Mouse colonization experiments
Mice aged 8 weeks to 12 weeks were orally pretreated with streptomycin (25 mg) 24 h before inoculation. Due to the low intestinal colonization resistance properties of germ-free mice, no antibiotic pretreatment was achieved. E. coli cultures were grown on LB at 37 °C for 4 h and washed twice with a phosphate-buffered saline solution (PBS: 137 mM NaCl, 2.7 mM KCl, 10 mM Na2HPO4 and 1.8 mM KH2PO). Before colonization, E. coli strains were made streptomycin resistant by transferring the streptomycin-resistance-conferring plasmid pRSF1010 from S. enterica serovar Typhimurium SL1344 (refs. 30,73). Each mouse was orally given a single 50 µl dose containing ~5.107 colony-forming units (cfu) of an inoculum mixture composed of an equal ratio of the indicated strains. Faeces samples were collected 24 h and 72 h post-inoculation. Animals were euthanized by CO2 asphyxiation at day 3 post-inoculation. Faecal samples were suspended in 1 ml PBS and homogenized using a TissueLyser (Qiagen). The bacterial load was determined by plating the suspension on MacConkey or LB agar supplemented or not with antibiotics. In competitive experiments with two strains (WT and mutant), the load of the mutant was directly determined on the antibiotic plate. By contrast, the load of the WT strain was calculated from the total amount of bacteria on an antibiotic-free plate (cfuWT = cfutotal − cfumutant). The load of every single mutant strain was then normalized to the inoculum and used to calculate the normalized C.I to compare their fitness with that of the WT. The C.I of individual mutant in a competitive experiment was determined as the ratio between cfumutant and cfuWT divided by the ratio of both strains in the inoculum.

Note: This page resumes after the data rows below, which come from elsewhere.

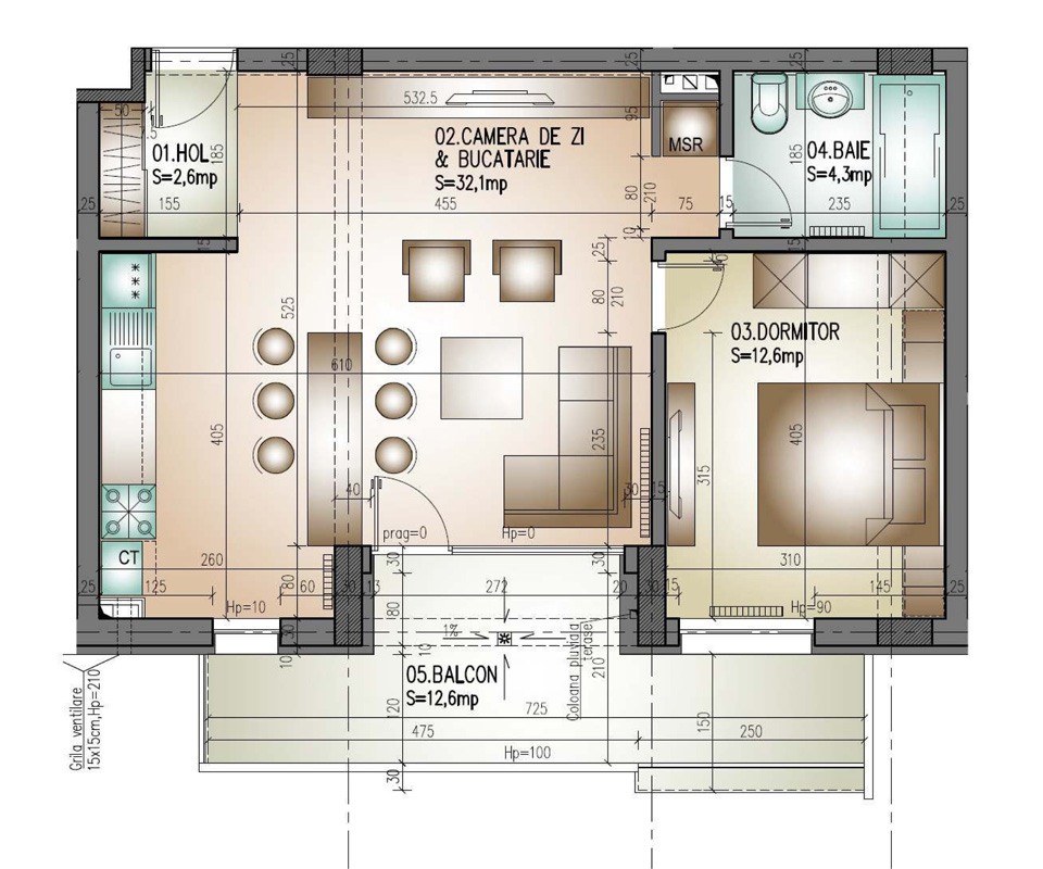 | Suprafata balcon 12,6 |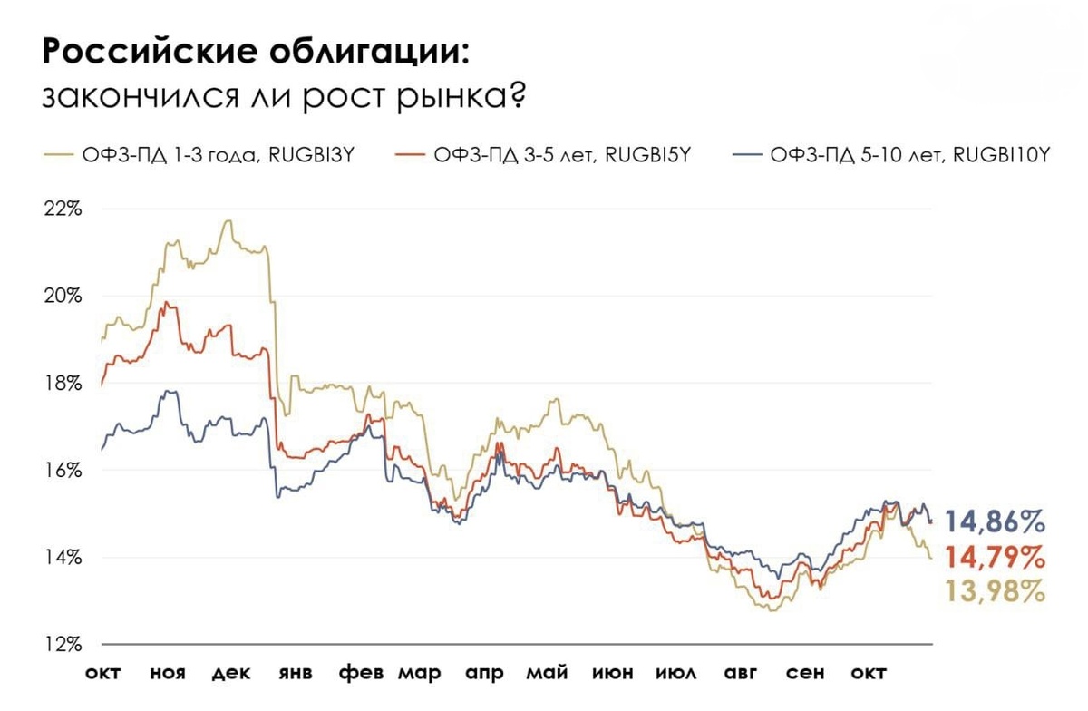 ➰ Что происходит на рынке облигаций: покупать нельзя продавать? Российский рынок облигаций находится в переломной точке цикла денежно-кредитной политики. Год назад, в конце октября 2024 года, ключевая ставка достигла своего максимума в текущем монетарном цикле. 🕯 Доходности облигаций: До начала сентября рынок находился в активной фазе снижения ставок, но Банк России пересмотрел вверх свой прогноз по инфляции и ключевой ставке — период жесткой денежно-кредитной политики, вероятно, окажется более продолжительным. За это время доходности выросли в среднем на 78 базисных пунктов по всей кривой. 💬 [RGBI] Государственные облигации — 14,70% годовых (+78 б.п.) 💬 [RUCBNS] Корпоративные облигации — 16,70% годовых (+108 б.п.; спред — 272 б.п. к ОФЗ 1-3 года) 📈 Ключевые тренды российского долгового рынка: 1️⃣ Цикл смягчения денежно-кредитной политики продолжается, но темпы замедлились из-за сохранения инфляционных рисков, которые продолжат сдерживать темпы снижения ключевой ставки в бли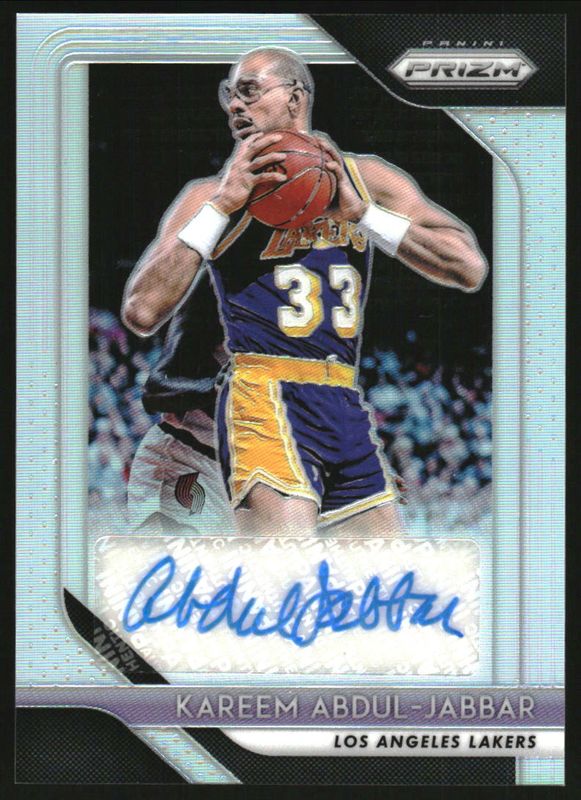 The Kareem Abdul-Jabbar 2018 Prizm #S-KAJ Signatures - Silver card is 1 of 50 Kareem Abdul-Jabbar's card variations in the 2018 Prizm set being tracked by Sports Card Investor, including Choice Blue Yellow Green, Fast Break, Red Ice, Red White Blue, and Silver.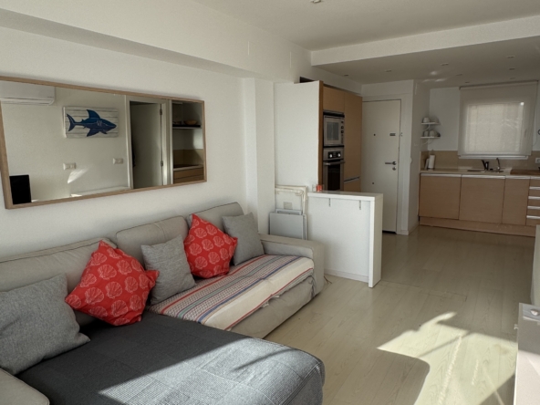 Accedemos a la propiedad a través del ascensor en una zona residencial privada y con plaza de aparcamiento. La vivienda tiene 68m2 distribuidos en dos habitaciones y un baño. La cocina integrada en el salón orientado al Sureste nos promete junto a su terraza, amaneceres espectaculares donde el sol nutre de luz todas las estancias de las casa.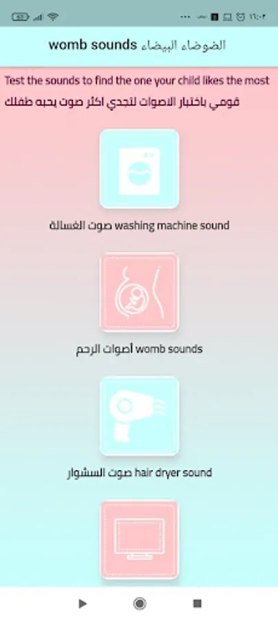 الضوضاء البيضاء او صوت بطن الام هي الاصوات التي تشبه صوت تششششششششش او اشششششششش مثل صوت الغسالة او صوت السشوار الشعر او اصوات الاحشاء داخل الرحم صوت التلفاز المفصول و هي موجودة جميعها داخل التطبيق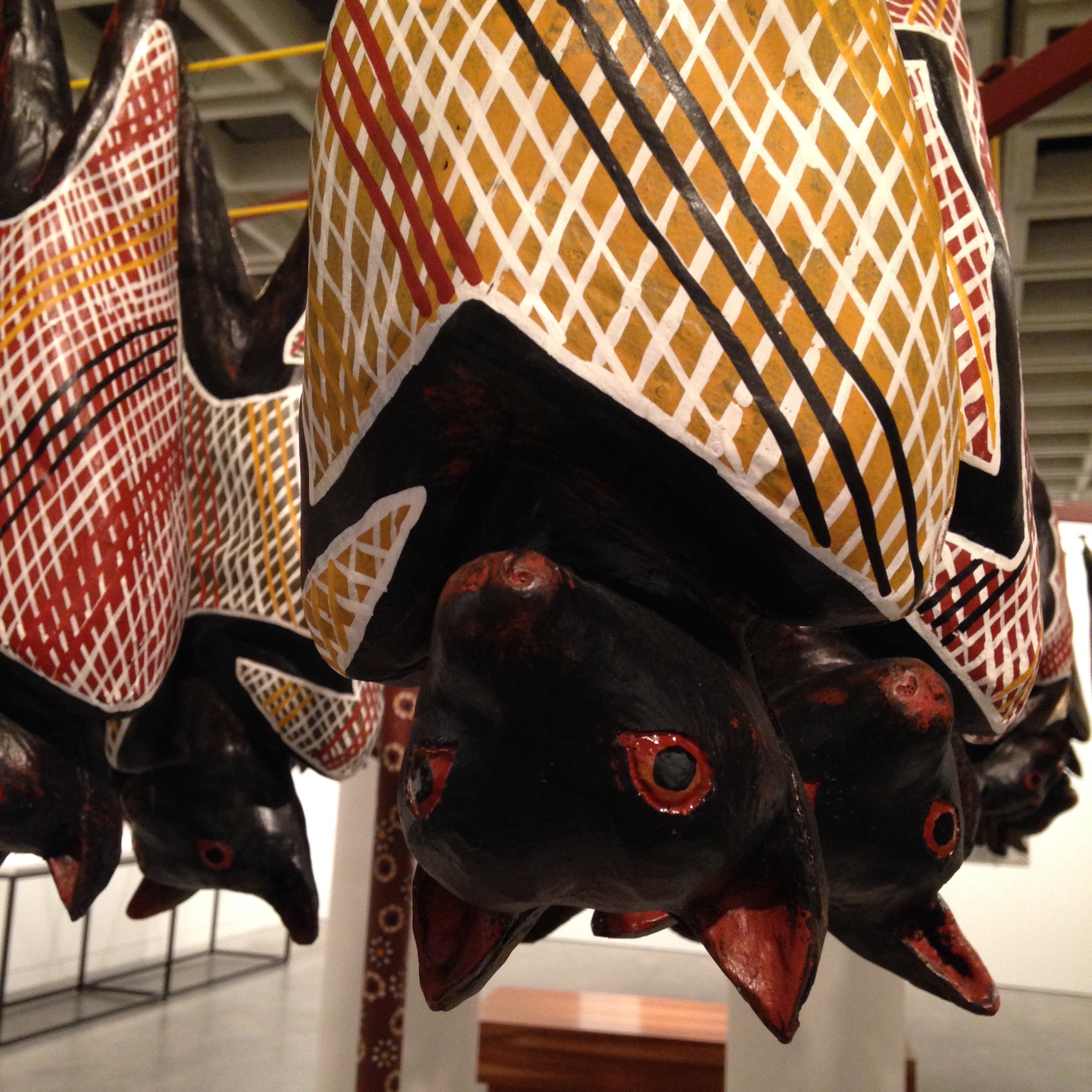 But best of all was the aboriginal sculpture of the fruit bats on a washing line. Each little face different, and quite arresting.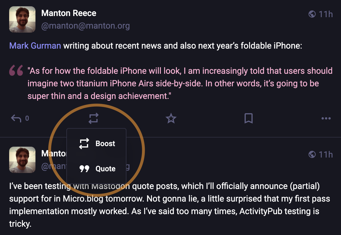Mastodon 4.5 adds special support for quote posts and quoting permissions. In Micro.blog, we support these in a few ways: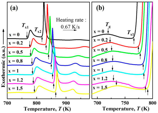 The thermal properties of as-cast ribbons were estimated by DSC at a heating rate of 0.67 K/s, as shown in Figure 2. The pattern of Nb-free alloy exhibits a distinct temperature range between the first and second exothermic peaks and a large area followed by the first crystallization peak, which means that a massive number of α-Fe(Si) crystals were precipitated. This indicates that the (Fe0.76Si0.09B0.1P0.05)99.3Cu0.7 alloy is an excellent candidate for nanocrystallization. However, the low initial crystallization temperature (Tx1 = 679 K) and relatively small supercooled liquid region implies low thermal stability against crystallization and thus low GFA. However, the Tx1 increased by 27 K when the Nb content was up to 1.5 at. %, indicating the significant enhancement of stability. All the samples exhibited observable ΔTx and followed a trend (initially increasing with the amount of Nb, followed by decreasing), as shown in Figure 2b, with the maximum value of 67 K when the amount of Nb reached 1 at. %. The large ΔTx favored the high GFA in the Nb-containing alloys. Furthermore, the patterns of all the Nb-containing alloys exhibit obvious intervals between the first two exothermic peak temperatures Tx2 and Tx1, which is defined as ΔT (ΔT = Tx2 − Tx1). The ΔT expanded gradually to about 70 K with the addition of 1.5 at. % Nb.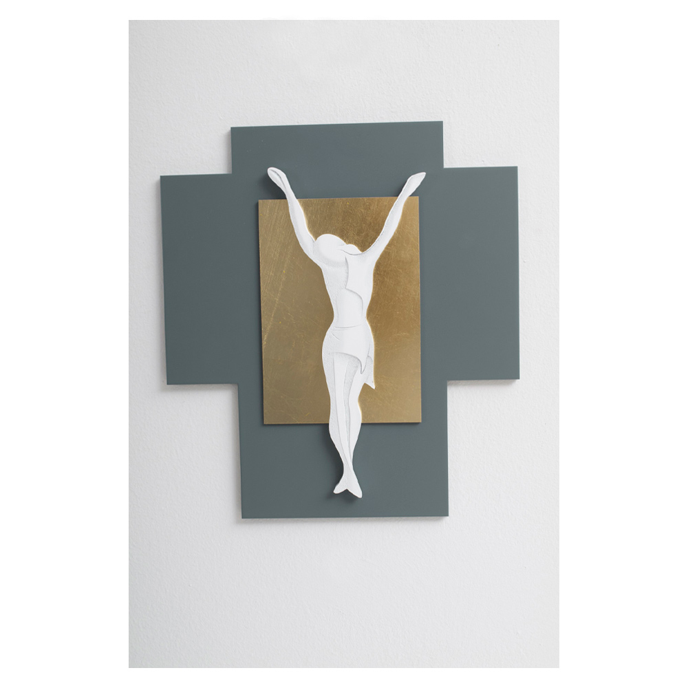 Kruisbeeld in blauw gelakt hout met applicatie van een vierkant in kostbaar bladgoud en Jezus in wit gelakt hout met lichte lasergravures.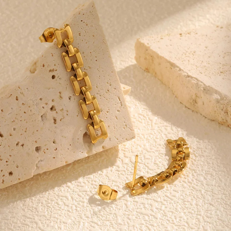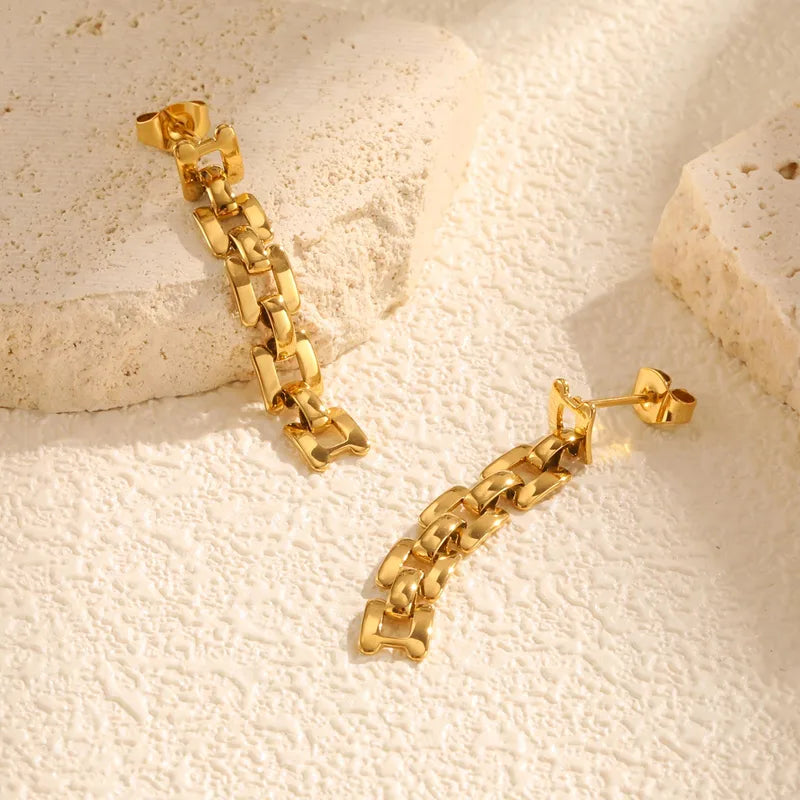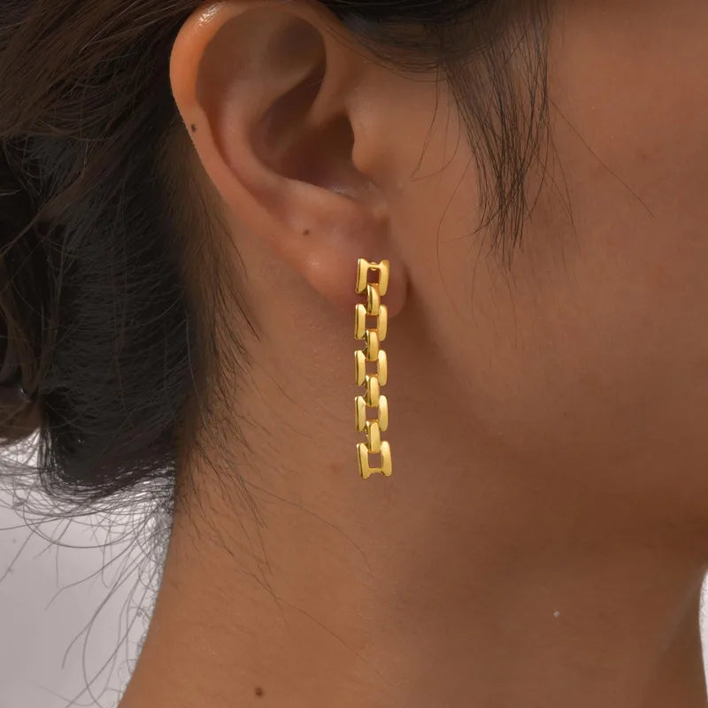 Sleek and structured, these 18K gold-plated drop earrings feature a bold chain-link design for a clean, elevated finish.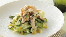田代さんの懐かしの味を洋風にアレンジ。春キャベツときゅうり、青じそを塩でもんだシンプルなサラダにささ身を加えてボリュームアップ。ドレッシングのマーマレードジャムがアクセント。
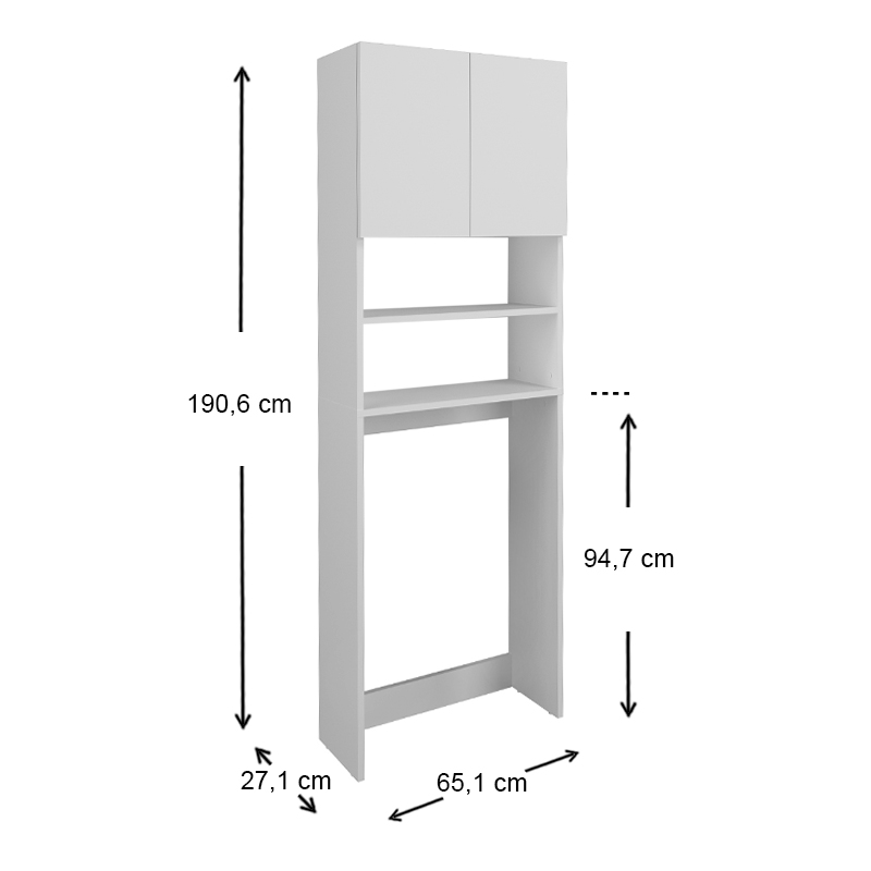 Έπιπλο πλυντηρίου Ramsey Megapap από μελαμίνη χρώμα λευκό 65x27x190,6εκ.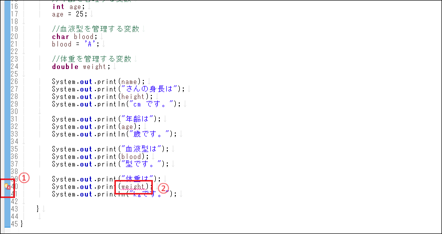 8~24 行目で、5 つの変数を宣言し、double 型の変数 weight 以外はそれぞれの変数に値を代入しています。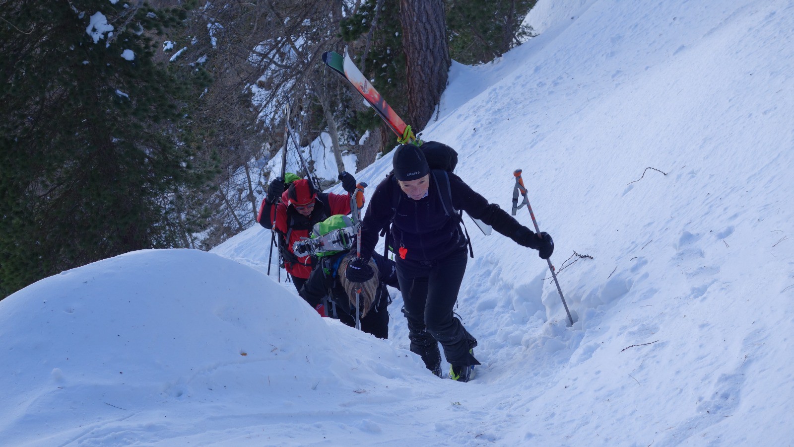 Du coup, depuis le parking de la centrale électrique nous rejoignons St-Grat pour prendre le Vallon de la Mairis. Le départ est raide sur environ 250m avec une neige dure jusqu'à rejoindre le vallon des Verrairiers.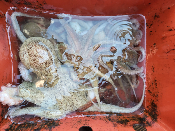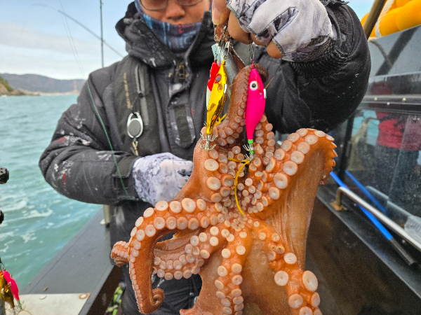 | 제목 : 2kg와 1.7kg.1kg 겨울 문어 와 장원 15마리 배 전체 130마리 | ||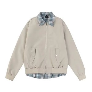 假两件格纹拼接夹克外套男秋季美式复古ing宽松休闲情侣上衣
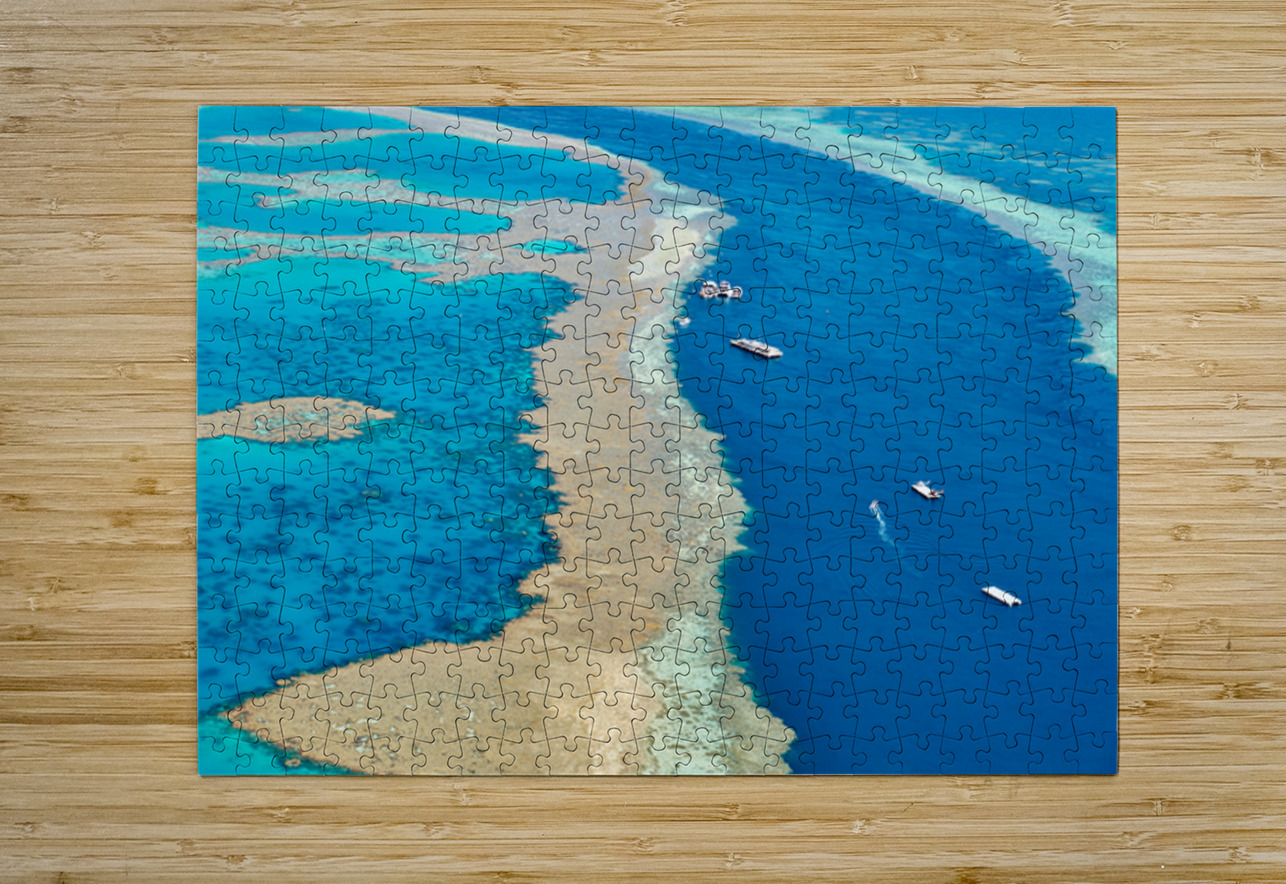 Aerial view of coral reefs and boats in turquoise ocean. Marco Brivio Puzzle printing

Fitness measurement of barcoded strains
Faecal E. coli cells were inoculated in 3 ml LB (37 °C, overnight) supplemented with ampicillin to select and enrich for living E. coli barcoded strains. The bacterial cells were pelleted and stored at −20 °C. DNA was extracted from thawed pellets using commercial kits (Qiagen Mini DNA) according to the manufacturer’s instructions. The relative densities of the different barcodes were determined by real-time PCR quantification using tag-specific primers. The obtained ratio was multiplied by the number of cfu recovered from selective plating to calculate the absolute load of each tagged strain.
Lactose measurement
Mice chow was suspended in PBS and homogenized using a TissueLyser (Qiagen). The lactose concentration in the homogenate was determined using a commercially available lactose assay kit (Sigma-Aldrich, MAK017) following the manufacturer’s instructions.
In vitro growth assays
Individual overnight culture of each strain was initiated 1 day before the experiment, either in LB or minimal media supplemented with glucose (50 mM) at 37 °C. The following day, the cultures were washed with PBS and diluted into the appropriate medium to reach a final concentration of 0.025 uOD600 ml−1. A volume of 200 µl of every single culture was distributed in a 96-well plate placed in an Infinite 200 Pro plate reader (Tecan) that automatically measured the OD600 at 37 °C for 24 h.
lacZYA reporter expression analysis
The WT, ATGlacI and GTGlacI strains were previously transformed with the p-PlacZ-gfp plasmid encoding for the lacZ promoter fused to the gfp reporter gene. The resulting strains were individually incubated overnight in minimal media supplemented with glycerol (50 mM). The day after, bacterial cultures were diluted into an identical and freshly prepared medium to reach a final bacterial concentration of 0.025 uOD600 ml−1. A volume of 200 µl of every single culture was distributed in a 96-well plate supplemented with increasing concentrations of IPTG. The bacterial growth and gfp signal were automatically recorded for 24 h at 37 °C by an Infinite 200 Pro plate reader (Tecan). The output was corrected by subtracting the autofluorescence signal and normalizing to the bacterial density (OD).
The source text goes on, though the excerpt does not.